I Want a Solution (, translit.Oridu hallan) is a 1975 Egyptian drama film directed by Said Marzouk and produced by Salah Zulfikar. The film was selected as the Egyptian entry for the Best Foreign Language Film at the 48th Academy Awards, but was not accepted as a nominee. The film criticized the laws governing marriage and divorce in Egypt. The film is listed in Top 100 Egyptian films list and it earned the 1975 Ministry of Culture's best producer award for Salah Zulfikar. The script was written by Said Marzouk and Faten Hamama. I Want a Solution is inspired by a true story and it is Marzouk's third feature film.

Plot
The film unveils the injustice of Egypt's personal status laws against women. Doria an Egyptian women is seeking to divorce her husband Methat a former diplomat with aristocratic background.
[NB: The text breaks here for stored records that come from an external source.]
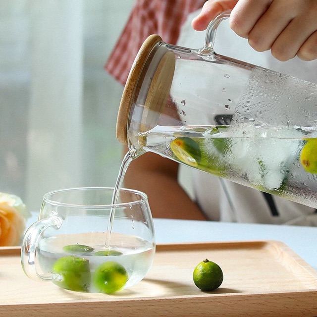 Bình nước nắp gỗ tre có dung tích 1,5Lsản xuất từ thủy tinh chịu nhiệt, trong suốt,...
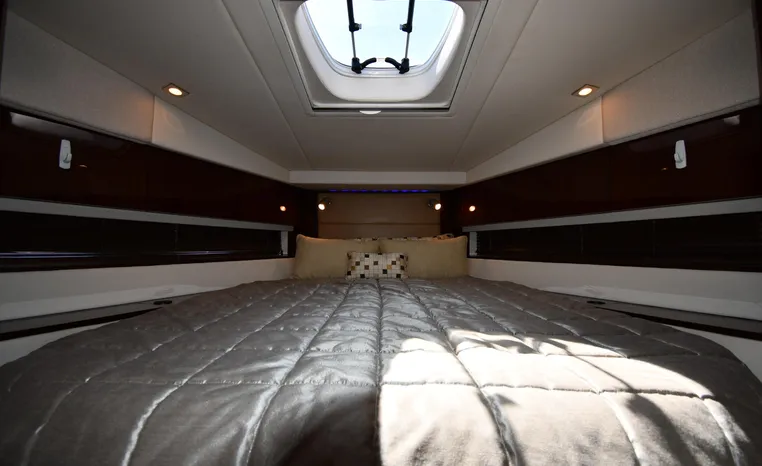 Features Twin Cummins QSB 380 HO P 380-hp Diesel Engine's w/Zues Pod's (w/Skyhook / Joy-Stick Piloting) and 1034 original hours. Notable features include but are not limited to the following: Air-Conditioning & Heat (3-Units - Including Cockpit AC/Heat), Head (Vacuflush) w/Vanity/Sink/Stall-Shower, Central Vacuum, Onan 11.5kw Generator (885-hrs), Windlass Anchor w/Forward Pedal-Controls (Note Anchor Locker Freshwater Washdown), Raymarine E120 Color MFD w/Radar/GPS/Chartplotter - Mercury Precision-Pilot w/Sky-Hook / Joy-Stick Piloting, Sony Premium Sound System, Cockpit Wet Bar w/Sink/Refrigerator/Electric BBQ-Grill, Hardtop w/Electric Sun-Roof, Plasteak Cockpit / Swim-Platform Decking, and MUCH more!
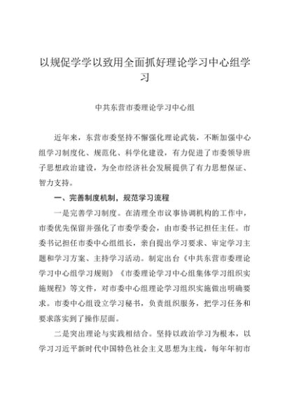 / 党组学习:20240730(经验交流)以规促学学以致用全面抓好理论学习中心组学习——中共东营市委理论学习中心组
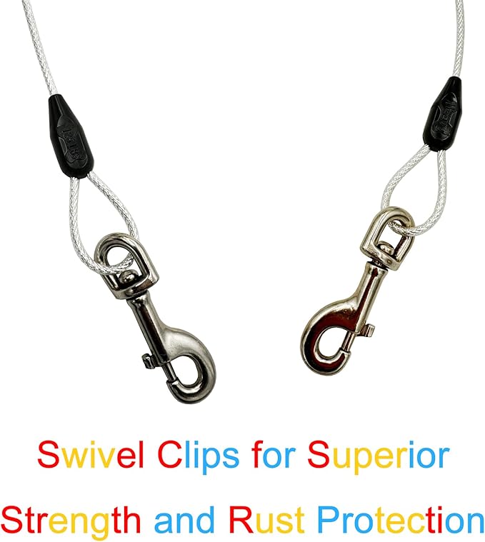- Steel cable and swivel clips for superior strength and durability.
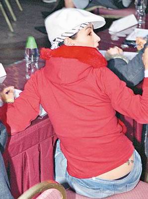 張柏芝為忘失戀傷痛,在腰間紋了新紋身。有見王菲重戴情侶鏈,柏芝昨日穿上超低腰褲,公開展示“情逝紋身”示威!
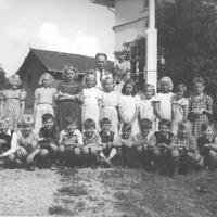 Foran fra v.: Torbjørn Bjørlo f. 1940. Arild Boman f. 1940, Arne Høiås (1938-1991) Kåre Hansenf1939, Arne Melby f.1940, Harald Røed f. 1940, Inge Hansen F.1940, Kjell Thomassen (1940-1975), Hans Myhre f. 1939, Hans Haveraaen f.1939, Ingar Danielsen f.1939, Olaf Tørvi (1940-2003)) og Håkon Lindberg f.1940, Bak fra v.: Torun ? . Bergljot Olsenf. 1939, Ingjerd Johansen f. 1938, Anne Berit Johansenf.1940, Gerd Thoresen f. 1940, Bjørg Johansen f1940, Torild Johnsrud f 1941, Liv Hindhamar f.1939,Turid Lie f.1940 og Inger Mortensen f. 1939, Bakerst: lærer Andreas Ertzeid (1905-1979) Elevene gikk sammen i 4. og 5. klasse da dette bildet ble tatt.
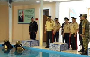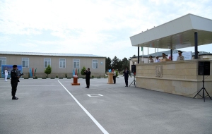 Сначала министр обороны и личный состав возложили цветы к мемориалу, воздвигнутому на территории воинской части в честь шехидов, почтили их светлую память.
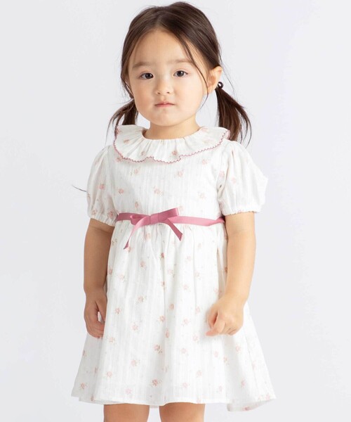 -26SS- どこか懐かしさのあるクラシカルな花柄がかわいいワンピース。 ■デザイン ボリューム感のあるフリルの襟は端にピコレースのカラーステッチが華やか。 取り外し可能なリボンベルトはお花のプリントカラーと合わせてポイントに。 丸みのあるパフスリーブと高めの位置のウエスト切り替えで女の子らしいふんわりシルエットになっています。 インナーに長袖を合わせても可愛く着ていただけるのでシーズン長く楽しめます。 オフホワイトベースに黄色いお花のイエロー系とピンクのお花のピンク系の2色展開。 ■素材/機能 太さの異なる糸を織り合わせ、レースのような軽い質感が楽しめるカラミストライプ生地を使用。 綿100%の素材なのでコーディネートの合わせ方次第で春~夏まで楽しめます。 ▼お揃い 1130-81004:ブルマ ※柄の出方は生地の裁断により一点一点異なります。 ※背中ファスナー開き。 ※ポケット無し。 ※裏地あり。 26春夏 女の子アイテム 【BeBe baby】 -ベビーにもエスプリを- BeBeのベビーラインがリニューアル。 従来の80~90cmから、アイテムによって異なる80~100cmまでのサイズ展開に変化。 ヨーロッパらしさのあるシンプルな中にもエッセンスの効いたデザインを取り入れます。 はじめましてのBeBeをよりおしゃれに楽しんでいただけるラインナップです。 【2026年春夏 シーズンテーマ】 -今日は何しよう?- トラッドでベーシックなアイテムやスタイリングに、軽やかな素材づかいやクリーンな発色とクラフト感あるディティールづかいで楽しさをプラス。 「今日は何しよう?」のわくわくした気持ちをファッションを通して表現します。 【BeBe(べべ)】 ”LOVE MODERN” 少しおませで、生意気なヨーロピアンカジュアルの提案。 時代性・流行性をとらえ、ベーシックでもワンポイントを施した遊び心、楽しさを盛り込んでいます。 シンプルだけど、こだわりのあるオリジナリティーを重視しています。
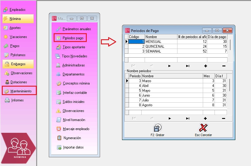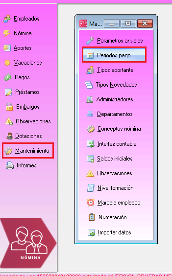 1. Inicialmente se debe revisar los periodos de pago, esto se puede realizar ingresando en el modulo de nomina a la opción de Mantenimiento, al desplegarse las opciones , debe seleccionar "Períodos de pago".
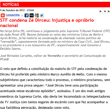 “…Demóstenes Torres foi expulso do DEM antes de qualquer condenação, quando patenteou-se que ele operava como despachante de luxo da quadrilha de Carlinhos Cachoeira. José Dirceu foi aclamado como herói e mártir pela direção do PT depois da decisão da corte suprema de uma democracia de condená-lo por corrupção ativa e formação de quadrilha (…) http://oglobo.globo.com/pais/noblat/post.asp?cod_post=471990&ch=n. Veja mais em CONTRA UM MUNDO MELHOR.
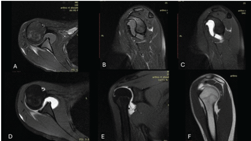 A magnetic resonance imaging (MRI) arthrogram of the right shoulder was performed, revealing (Fig. 1):
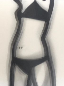 A lenticular moving image print from Julian Opies Exhibition Walking, Dancing, Undressing, Smoking for the Alan Cristea Gallery, 2006.
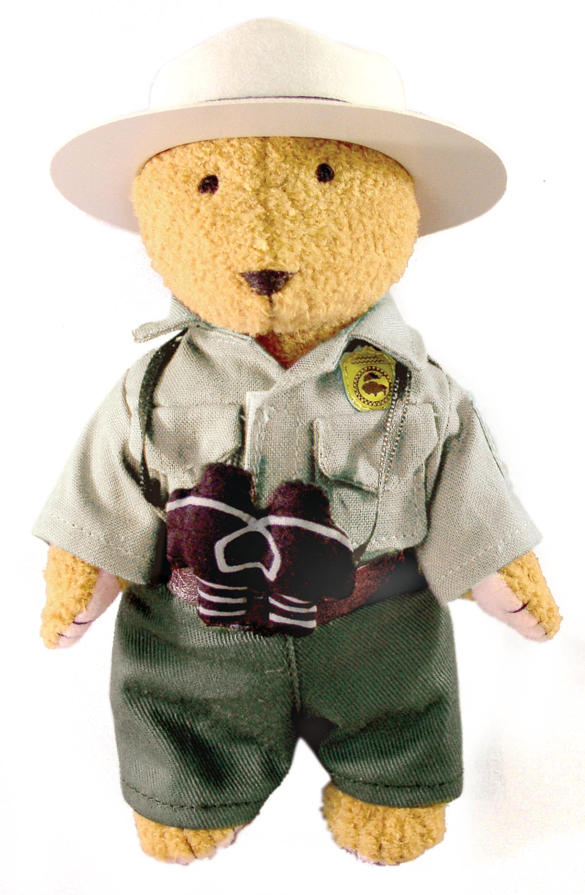 - MerryMakers Park Ranger Bear 6.5″ has all the details from a Ranger hat and uniform to the work belt and binoculars. These special places need special people like the Park Rangers of the National Park Service and you to help protect them. Rangers wear many hats in the field – storyteller, law enforcer, wildlife biologist, botanist, and fire fighter, to name a few. Appropriate for ages 3+. Surface wash only.
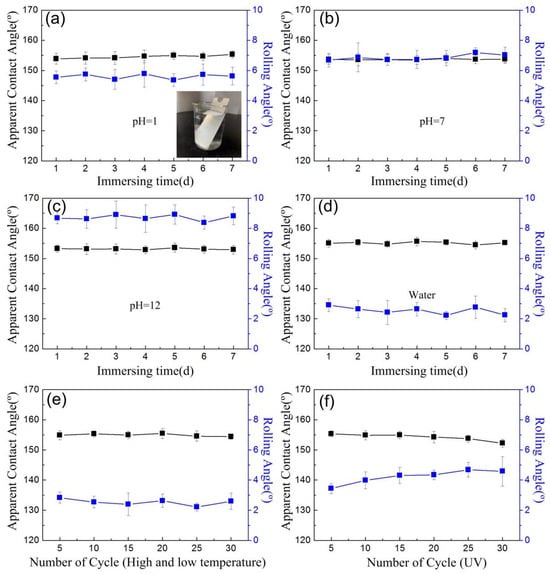 Effect of sample immersion time in (a) pH = 1, (b) pH = 7, (c) pH = 12, and (d) aqueous solutions on contact and roll angles; (e) effect of high and low-temperature testing on contact and roll angles; and (f) effect of UV irradiation on contact and roll angles.
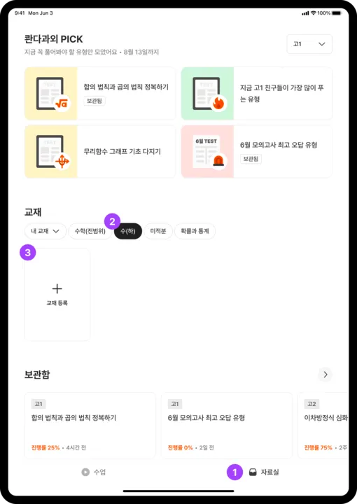 화면을 아래로 내리면, 중간 부분에 [교재] 영역이 있어요.
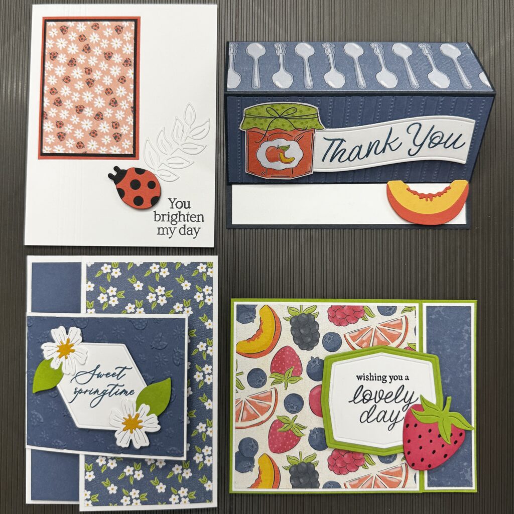 We will be making 6 cards in this class — two each of three different Z-Fold card designs.
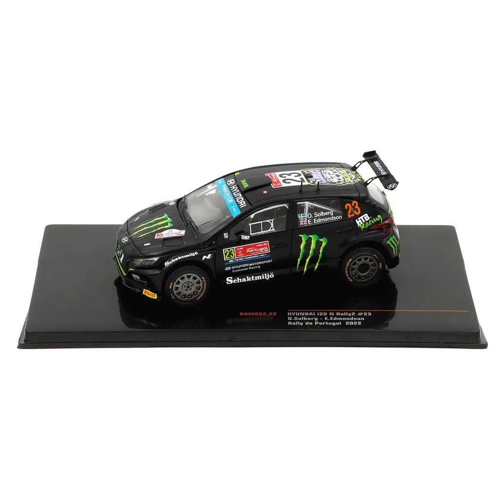 Oliver Solberg med Elliott Edmondson som kartläsare körde denna Hyundai i20 N under Rally de Portugal 2022. Modellen är tillverkad av Ixo Models i skala 1:43 (9,5 cm).
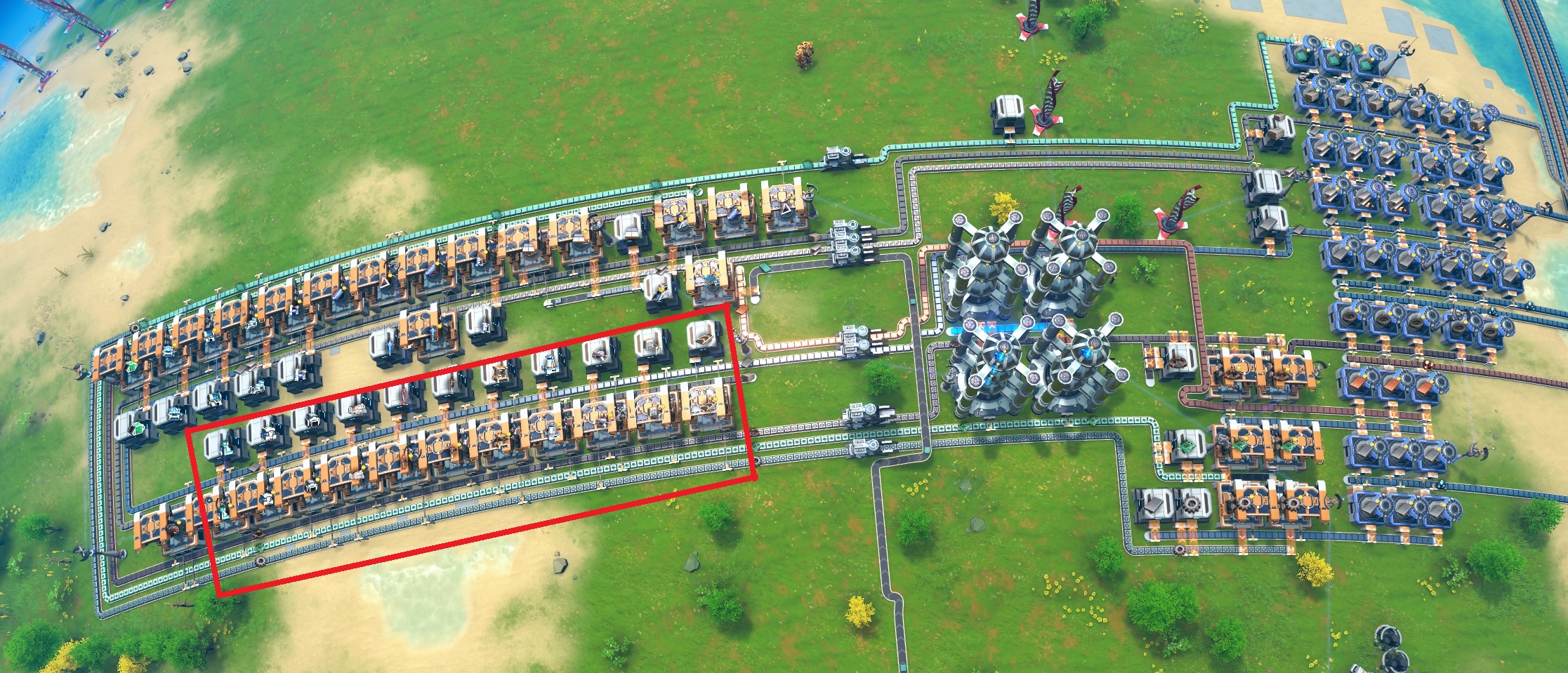 Now that you starting base is built and producing and it's time to start making the mall. This is very similar to the one from The Dutch Actuary but it is in reverse order to help reduce the amount of spaghetti.
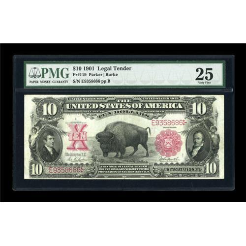 <B>Fr. 119 $10 1901 Legal Tender PMG Very Fine 25.</B></I> Fully intact paper and boldly printed Bison vignette are noted on this moderately circulated Legal Tender.<BR><BR><b>Shipping:</b> Coins & Currency (<a target="_blank" href="http://www.heritageauctions.com/common/shipping.php">view shipping information</a>)
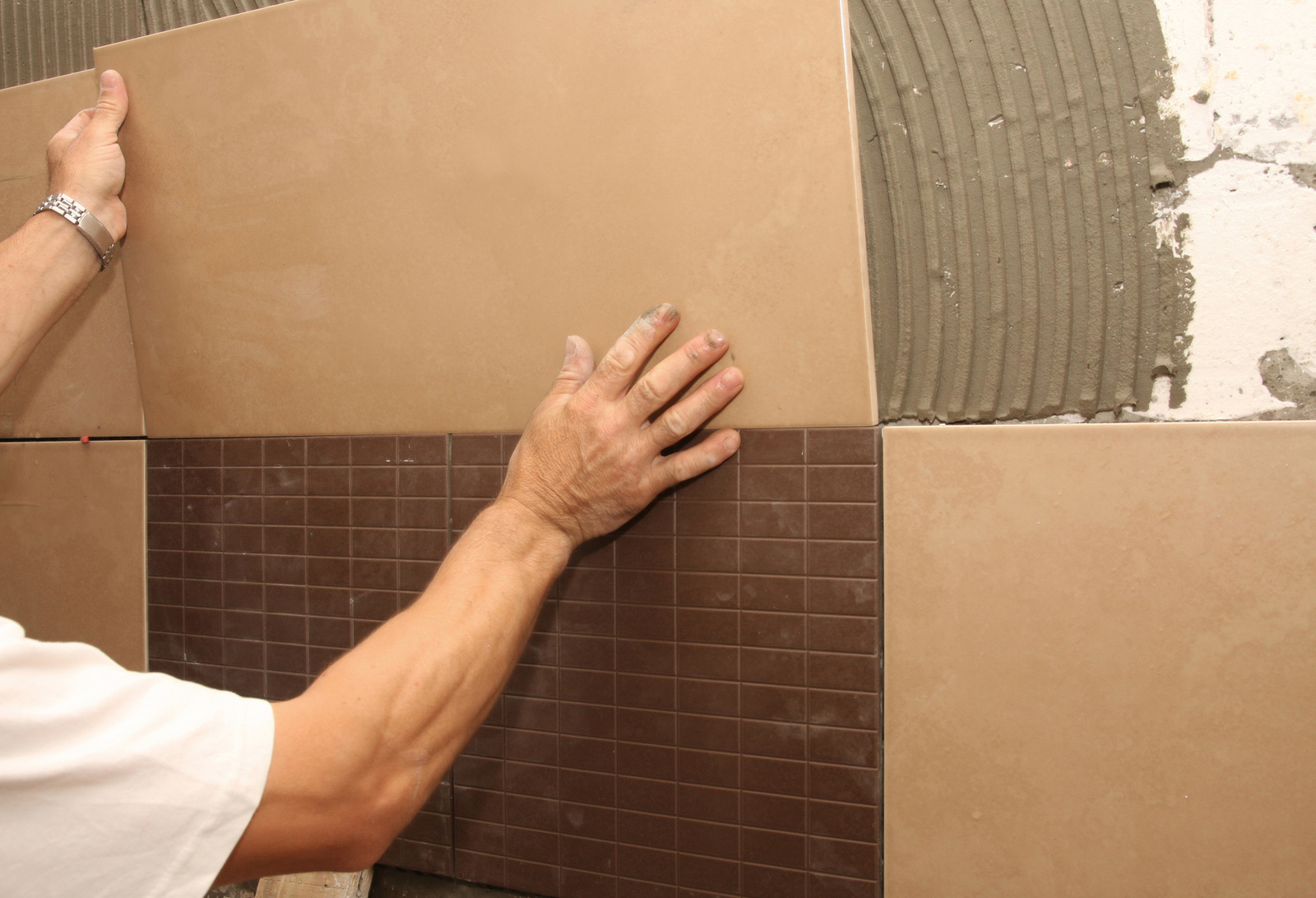- Bonne adhésion La composition procure une forte adhérence avec une base rugueuse et avec le carreau posé dessus.La colle peut être appliquée sur toutes les bases, y compris les plaques de plâtre et de bois. En raison des propriétés de liaison élevées de la composition, conserve bien les plaques standard et de grandes dimensions, ce qui est très pratique pour former une combinaison de surfaces constituées de plaques de différentes tailles. La structure est pratique pour travailler sur des surfaces verticales.

In flashbacks, we learn that Methat verbally and physically abuses his wife and cheats on her. Doria requested divorce, but according to the Egyptian laws, a woman can only ask for divorce in specific cases.

Cast

Primary cast

 Faten Hamama: Doria
 Rushdy Abaza: Medhat
 Amina Rizk: Hayat
 Ragaa Hussein: Actress
 Laila Taher: Actress
 Yulius Zagoni: Krad
 Muhammad Al-Sabaa: (Ahmed Al-Adawy - Doria’s lawyer)
 Ahmed Tawfik: (Hassan Madkour - Medhat's lawyer)
 Ragaa Hussein: (Sunni)
 Nadia Arslan: (The Mistress)
 Ali Al-Sharif: (Abu Al-Wafa - Azhari Sharia lawyer)
 Kamal Zulfikar: Hayat's husband
 Shawky Baraka: (judge)
 Ibrahim Saafan: (Badawi - Ardahhalji in court)
 Sayed Zayan: (Darwish)
 Waheed Seif: (Abbas)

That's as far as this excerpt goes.